Back in August 2013, Amazon, Sony, and Kobo filed a petition which asked that their ebook readers be granted an exemption to a new accessibility regulation. They weren't trying to avoid complying with all regulations, just one which was crafted in 2011. The companies wanted to avoid the requirement that Amazon et al comply with:
Sections 716 and 717 of the Communications Act of 1934, as Enacted by the Twenty-First Century Communications and Video Accessibility Act of 2010
This particular regulation (parts A and B of a single rule) requires that makers of "advanced communications services" make sure those services are accessible to the disabled. It's a generally good idea, and the rule was written broadly enough that it covers everything from ISPs to mobile devices like tablets and some ereaders (ones with Wifi or 3G).
Of course, there's a problem with applying this rule to ebook readers; by the time the regulation was written numerous models available on the US market could not comply. Amazon, Kobo, and B&N all had at least one ebook reader which lacked the sound capability that would clearly be a basic requirement. The basic Kindle, the Kobo Touch, and the Nook Touch were each completely incompatible with the new regulation, putting the device makers in the position of either junking their existing models and investing in new hardware , or requesting an exemption waiver.

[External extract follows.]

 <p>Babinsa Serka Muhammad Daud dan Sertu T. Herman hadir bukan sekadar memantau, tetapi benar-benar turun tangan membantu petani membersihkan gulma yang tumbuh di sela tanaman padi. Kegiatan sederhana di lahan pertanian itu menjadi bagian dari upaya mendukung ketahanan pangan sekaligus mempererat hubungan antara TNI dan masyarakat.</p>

Given the cost of compliance, and the limited value it would generate, I can understand why they asked for the waiver. And they succeeded - to a limited to degree. The waiver was carefully written so it only covers mobile devices that meet certain criteria. Tablets are excluded, and so are any devices that don't meet certain limitations:
- the devices have no LCD screen;
- they have no camera;
- they are not offered or shipped to consumers with built-in email, IM, VoIP or other similar ACS client applications and the device manufacturer does not develop ACS applications for them;
- they are marketed to consumers as reading devices and promotional material about them does not tout the capability to access ACS.
Those restrictions were spelled out in the original request, and the FCC basically gave Amazon et al the exact waiver they asked for.
The FCC shared their reasoning behind this decision. To put it simply, ebook readers might have email and other web functions but they are designed for reading:
After a review of the record, we find that basic e-readers are capable of accessing ACS, are designed for multiple purposes, and that consumers do utilize them for ACS, but, at present, we find that they are designed primarily for the purpose of reading, which makes such devices eligible for waiver under section 716(h)(1)(A) and (B) of the Act and section 14.5(a) of the Commission’s rules. To begin with, we consider the design of these devices. The current relatively slow refresh screen rates, the absence of apps for integrated e-mail clients,82 the inability of basic e-readers to display video for any purpose, including video conferencing, and the lack of high powered processors on these devices support a finding that these devices at this time are not designed for ACS,
It's worth noting that this is a limited waiver that only affects a single regulation, and does not exempt ebook readers from all accessibility regulations. (For example, libraries and other public institutions are still going to have to buy devices that are accessible to the disabled.) That's a nuance many missed when this story broke in August 2013.
This waiver is going to be in effect until 28 January, at which point it will either be extended or allowed to expire. I would bet money on Amazon et al getting an extension; whatever new ebook readers introduced over the next 11 months won't be terribly different from the models we can buy today, and I don't see a reason why the exemption wouldn't be allowed to stand.